**Collected material**
□ □ □

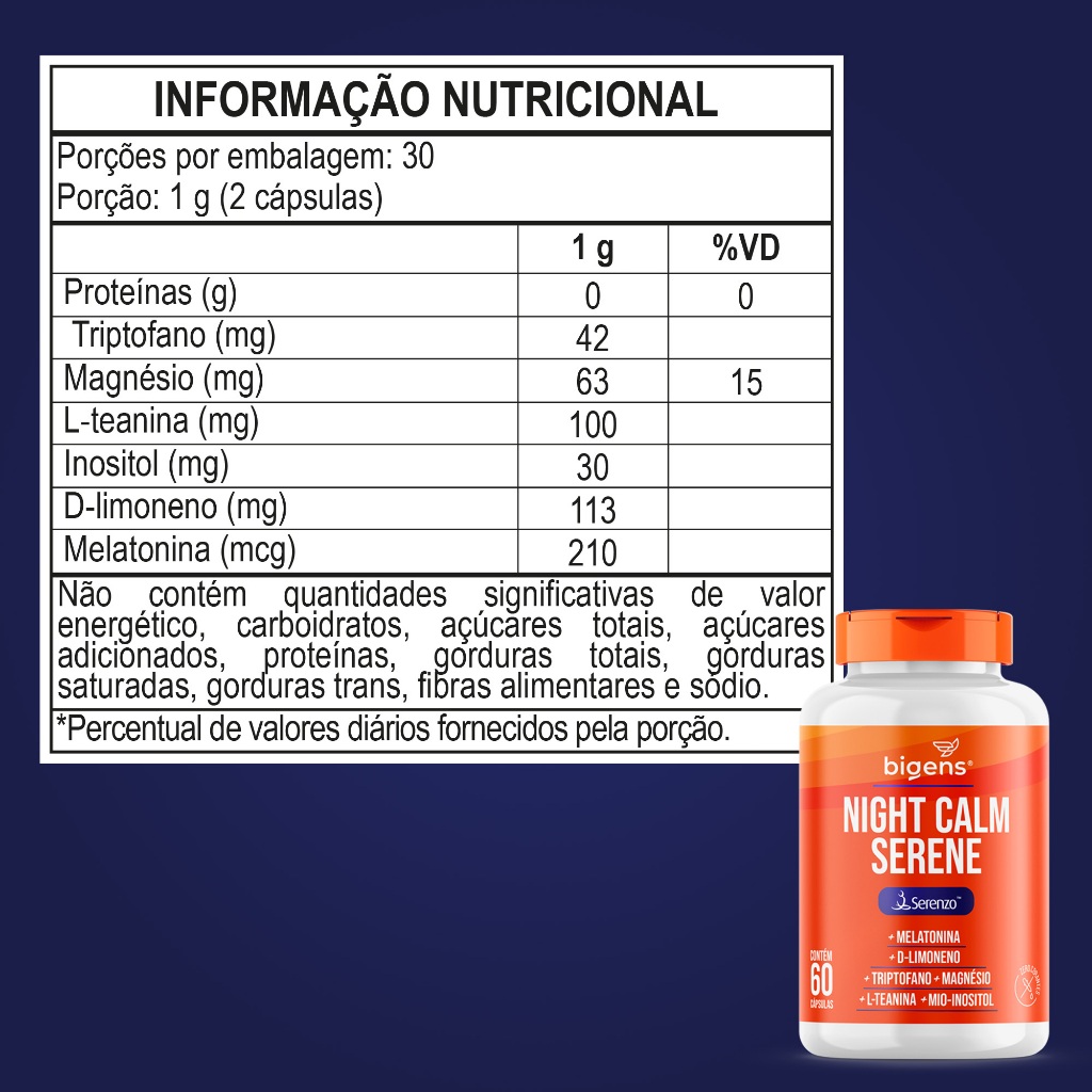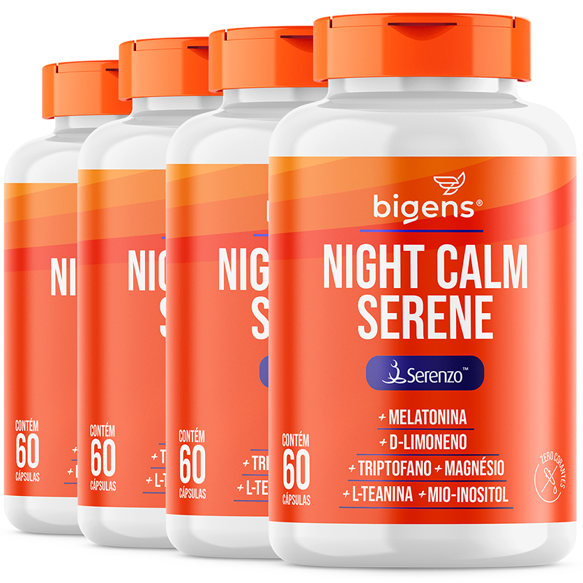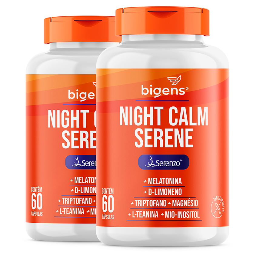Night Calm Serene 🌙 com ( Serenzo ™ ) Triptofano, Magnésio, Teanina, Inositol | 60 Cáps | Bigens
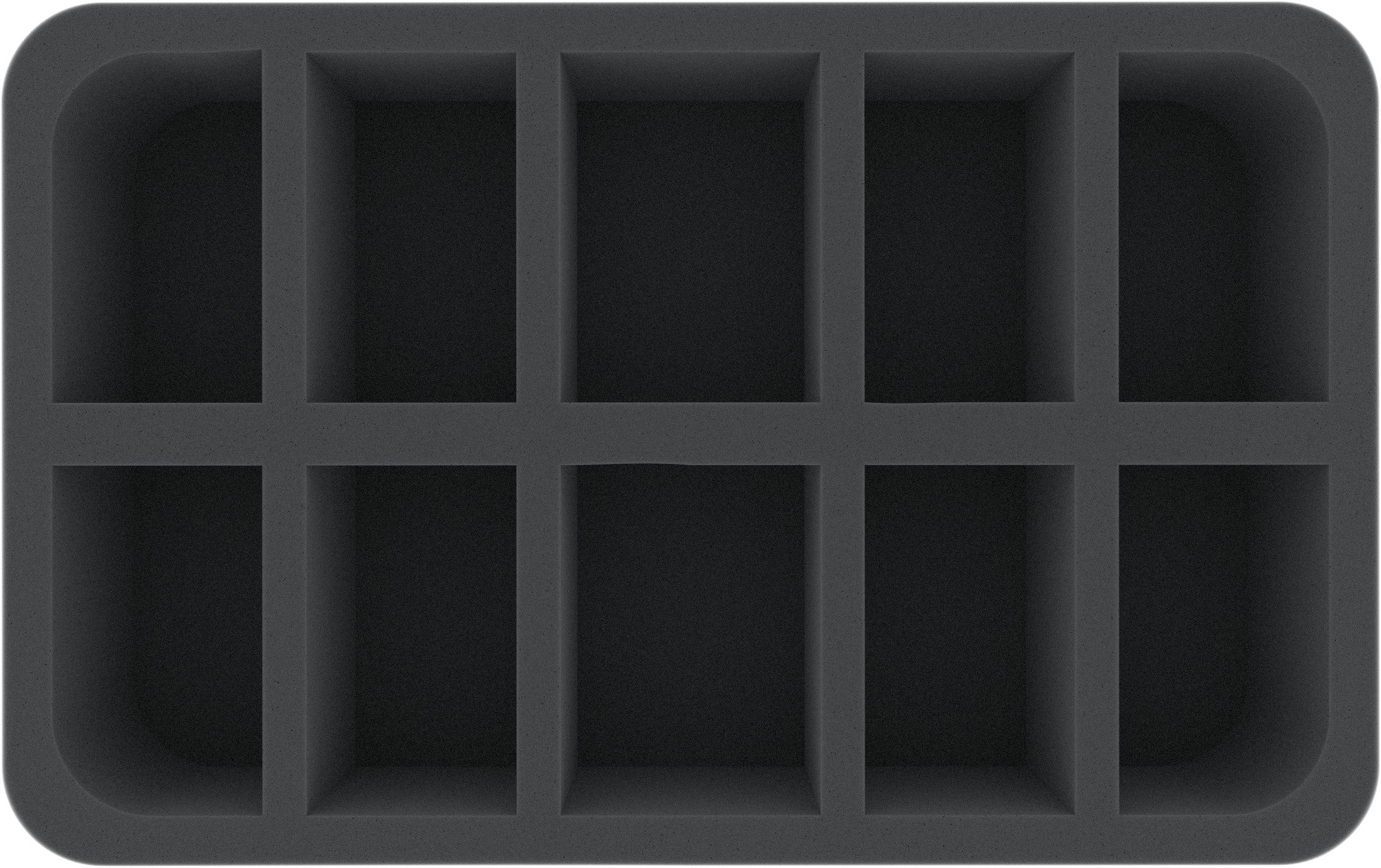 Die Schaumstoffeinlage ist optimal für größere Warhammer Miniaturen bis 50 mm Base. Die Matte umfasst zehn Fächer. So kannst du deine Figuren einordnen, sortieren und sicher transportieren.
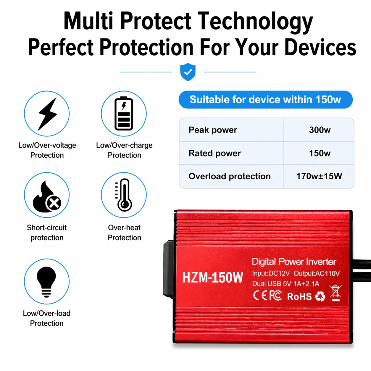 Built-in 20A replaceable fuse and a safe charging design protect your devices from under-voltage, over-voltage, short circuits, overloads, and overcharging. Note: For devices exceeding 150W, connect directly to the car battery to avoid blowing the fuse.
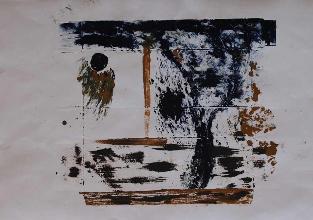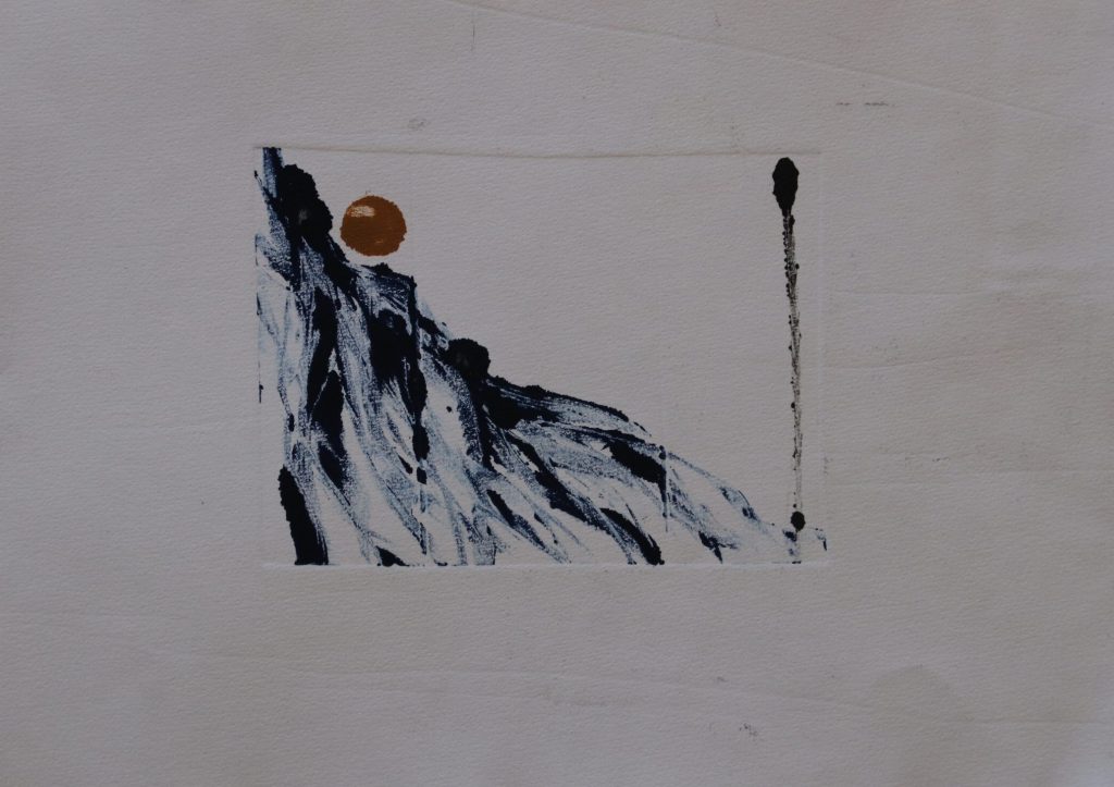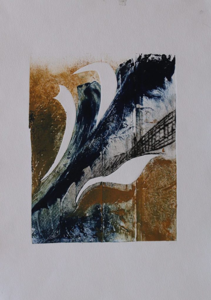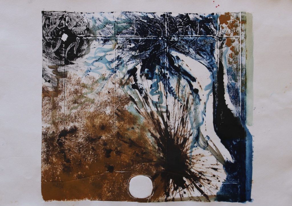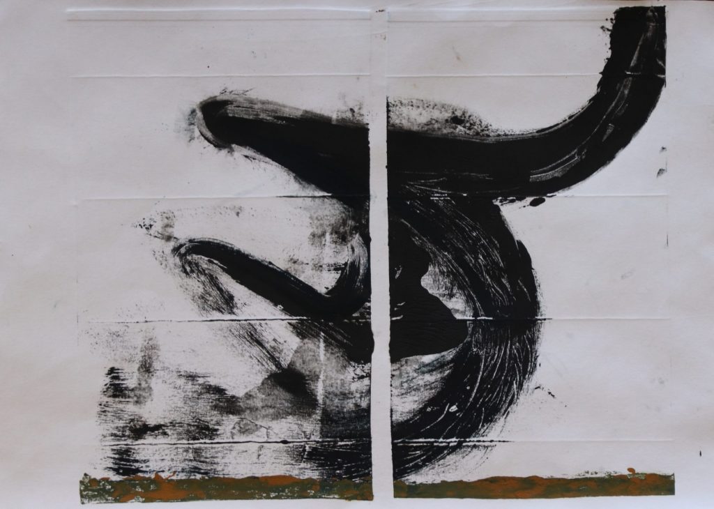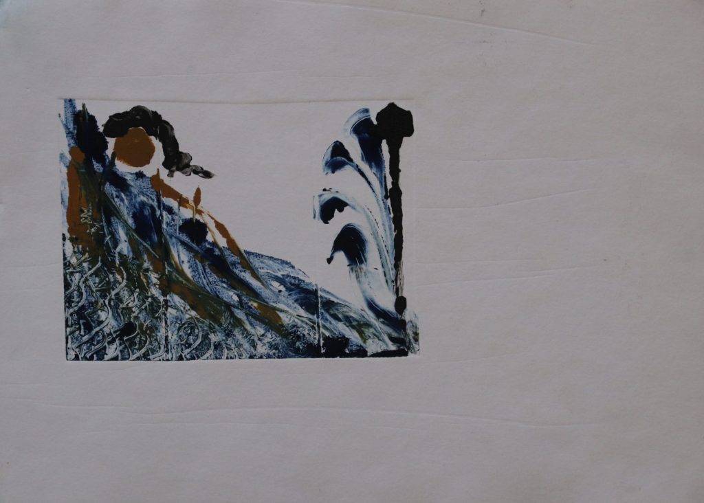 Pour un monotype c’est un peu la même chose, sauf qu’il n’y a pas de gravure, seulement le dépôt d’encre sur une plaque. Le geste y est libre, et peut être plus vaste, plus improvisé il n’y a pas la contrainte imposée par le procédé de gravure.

□ □ □

Leave the pictures out and reproduce exactly the lines from the line with "Built-in 20A replaceable" to the end of the material above.

 Built-in 20A replaceable fuse and a safe charging design protect your devices from under-voltage, over-voltage, short circuits, overloads, and overcharging. Note: For devices exceeding 150W, connect directly to the car battery to avoid blowing the fuse.
 Pour un monotype c’est un peu la même chose, sauf qu’il n’y a pas de gravure, seulement le dépôt d’encre sur une plaque. Le geste y est libre, et peut être plus vaste, plus improvisé il n’y a pas la contrainte imposée par le procédé de gravure.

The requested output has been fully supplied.